Whenever a blue cross approaches a black cross (acoustic center front-facing speakers) within ± 1/3 revolution, they'll start to cancel each other towards the direction of the observer (opposite). With the middle subwoofer reversed this happens twice as often (potentially 6 dB more cancellation) in comparison to the other arrangements.
In or out
If we look at at a simplified version of the phase wheel (figure 4) and limit our options to either coupling or cancelling, we can see the odds favor summation 2 : 1.
If we co-locate subwoofers with a similar function (rear- or front-facing) we enable them to reach "critical mass".
If we represent each set of "twins" by a single acoustic center and circle the stack to e.g. 120° off axis, almost all speakers are summing. Remember, the rear-facing speakers are polarity inverted, so what looks like uncoupled is in actually coupled. That's why I filled the acoustic center of the rear-facing speakers with a green color.
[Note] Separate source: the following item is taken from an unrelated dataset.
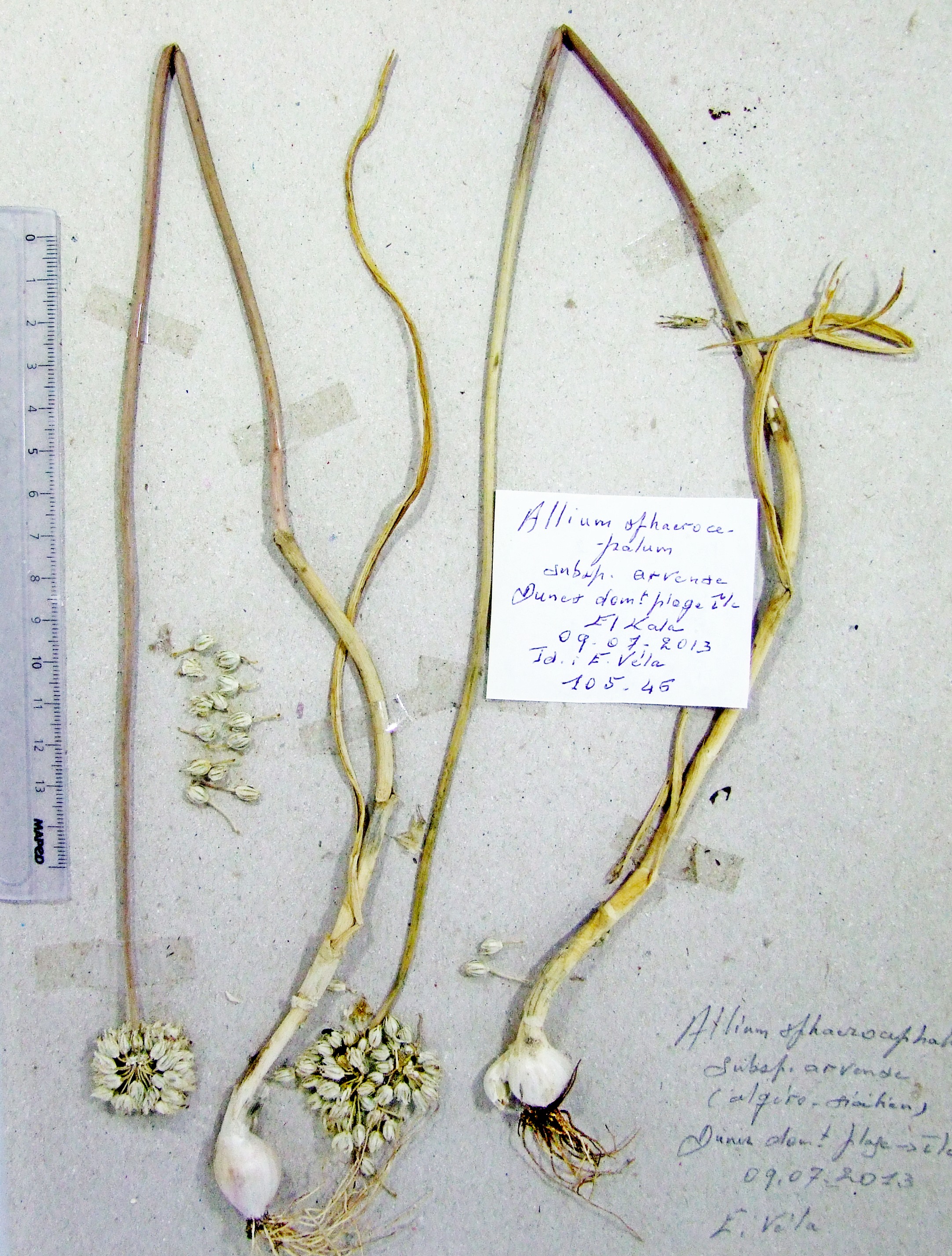 | 105_46 | Alliaceae Allium sphaerocephalum L. subsp. arvense | x=8.50795 y=36.906475 z=3 m | plage El Aouinate El Tarf 2013-07-09 |  |

The more green, the more summation.
Figure 5 shows that for a Back Front Front arrangement, starting at 100 Hz, the majority of speakers are coupled within 120° or less.
However, if we "scatter" the speakers and prevent them from reaching "critical mass", we achieve coordinated chaos. Notice how in a FBF arrangement, 4 speakers for all frequencies are separated by 180°!
Animation 2 shows half a revolution around the BFF stack.
For 2-element stacks the arrangement is of lesser concern.
Contrary, for 3-element stacks it's best to reverse the center sub and introduce coordinated chaos, knowing that the sequence will make no difference anyway at moderate distances and beyond, in front and behind the setup.
Apologies to the "SPL Preservation Society" for bursting your bubble. Reversing the bottom sub might result in better coupling in the near field but the trade-off is not negligible (figure 2).
Using the table in figure 6, try to figure out why a FBFBF arrangement as shown in figure 7 would produce the best far field cancellation for a large format subwoofer. Keeping the backwash out of the territory of the opposite array, reducing interference :-)